Pictures stay out of the copy. Retype exactly the lines below from the one with "plein air painting" through the one with "Print - 18x12x1.5".

## Records to use
--- START ---
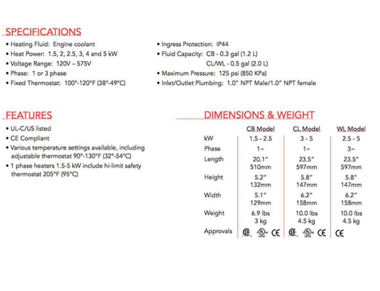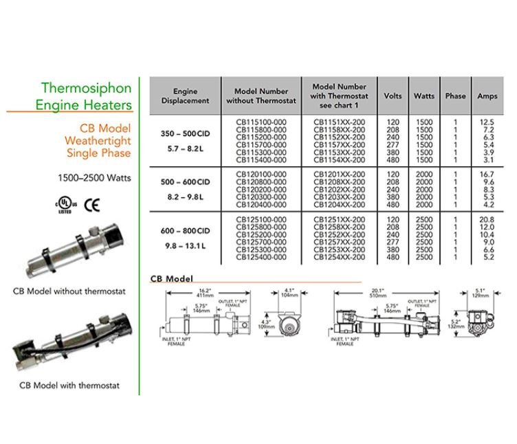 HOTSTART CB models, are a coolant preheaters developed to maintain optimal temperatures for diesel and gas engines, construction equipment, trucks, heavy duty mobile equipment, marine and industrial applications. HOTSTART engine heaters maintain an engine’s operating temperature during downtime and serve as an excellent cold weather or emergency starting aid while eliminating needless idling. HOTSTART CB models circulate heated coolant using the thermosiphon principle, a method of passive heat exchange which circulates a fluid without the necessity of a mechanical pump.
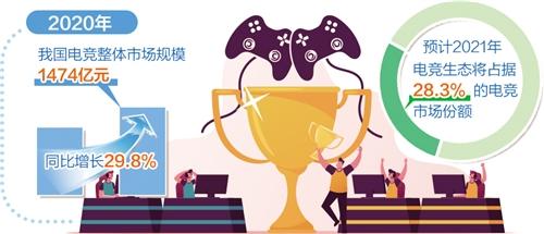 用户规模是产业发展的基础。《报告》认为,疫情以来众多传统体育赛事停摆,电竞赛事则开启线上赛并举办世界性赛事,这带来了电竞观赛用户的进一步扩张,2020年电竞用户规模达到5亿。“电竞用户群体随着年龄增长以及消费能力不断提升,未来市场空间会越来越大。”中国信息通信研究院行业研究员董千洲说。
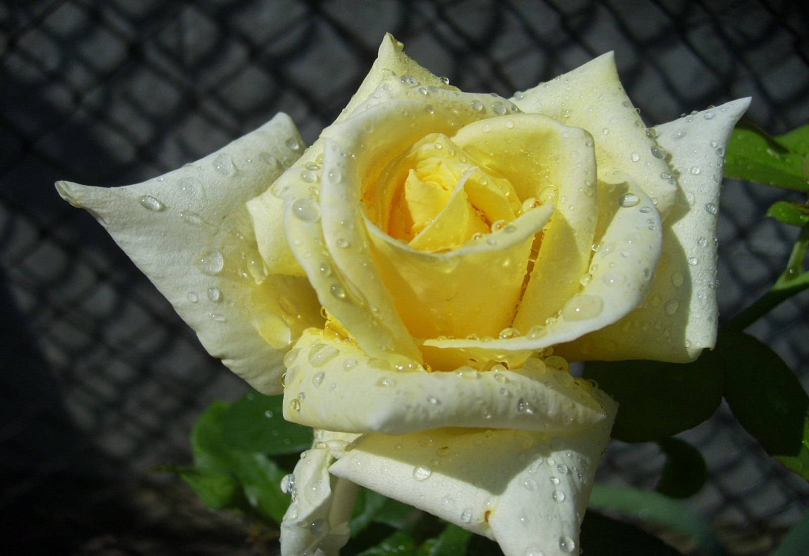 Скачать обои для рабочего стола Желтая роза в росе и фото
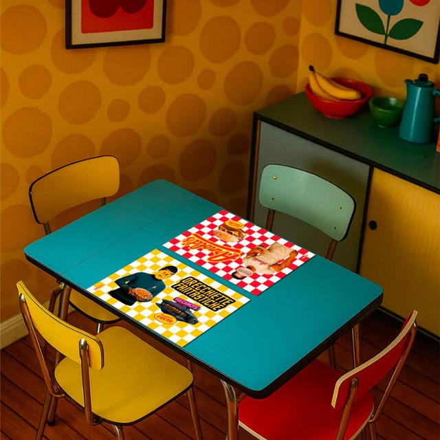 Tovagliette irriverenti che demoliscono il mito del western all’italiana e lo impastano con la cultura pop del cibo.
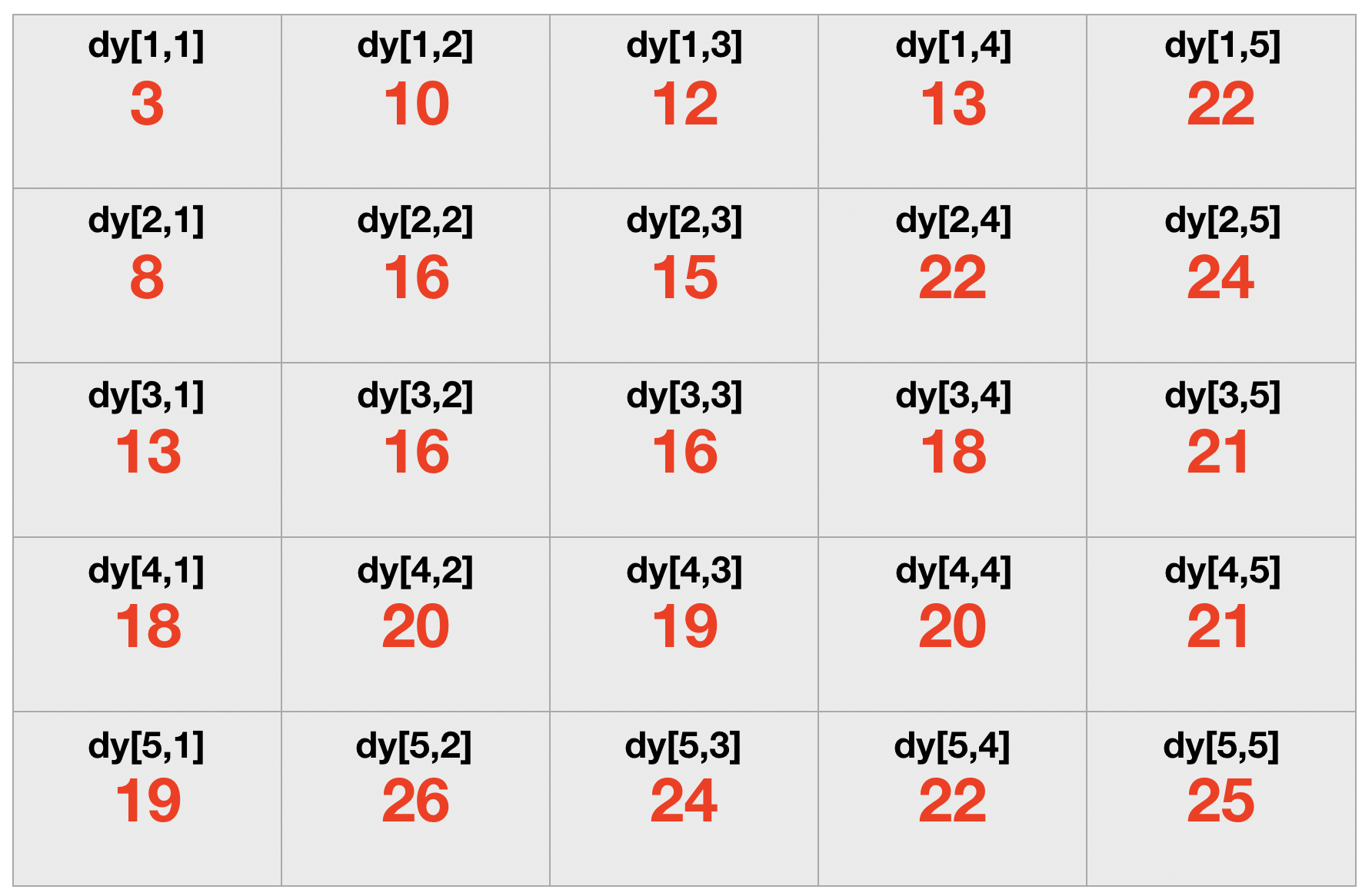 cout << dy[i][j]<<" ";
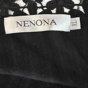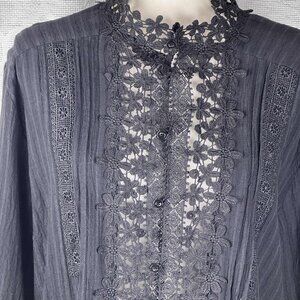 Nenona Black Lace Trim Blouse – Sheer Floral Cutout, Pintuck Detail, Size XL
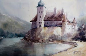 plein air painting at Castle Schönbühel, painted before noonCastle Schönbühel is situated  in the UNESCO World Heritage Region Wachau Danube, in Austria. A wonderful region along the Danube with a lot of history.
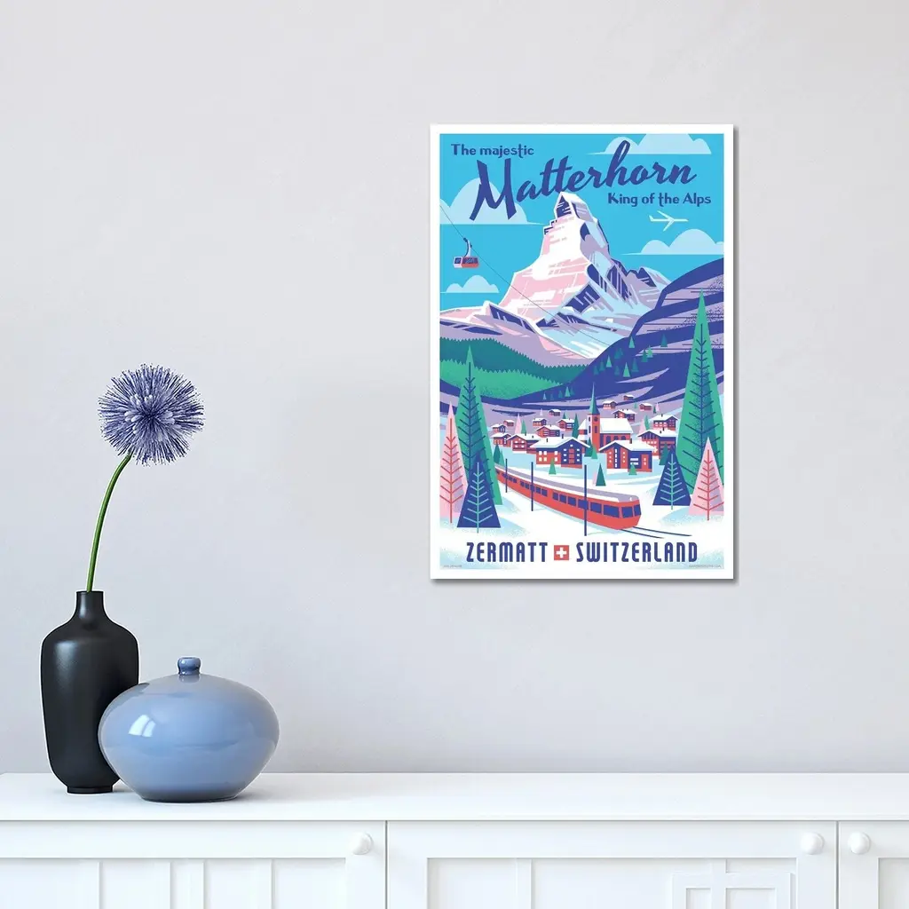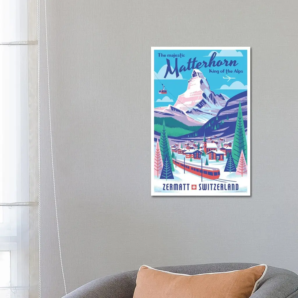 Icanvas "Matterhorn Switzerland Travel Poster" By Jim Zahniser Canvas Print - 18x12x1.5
--- END ---
--- START ---
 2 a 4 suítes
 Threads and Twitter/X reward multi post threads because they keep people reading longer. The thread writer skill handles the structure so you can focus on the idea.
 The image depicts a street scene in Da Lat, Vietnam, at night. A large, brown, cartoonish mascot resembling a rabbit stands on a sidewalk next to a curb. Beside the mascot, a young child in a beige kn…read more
--- END ---
## Answer to the exercise
 plein air painting at Castle Schönbühel, painted before noonCastle Schönbühel is situated  in the UNESCO World Heritage Region Wachau Danube, in Austria. A wonderful region along the Danube with a lot of history.
 Icanvas "Matterhorn Switzerland Travel Poster" By Jim Zahniser Canvas Print - 18x12x1.5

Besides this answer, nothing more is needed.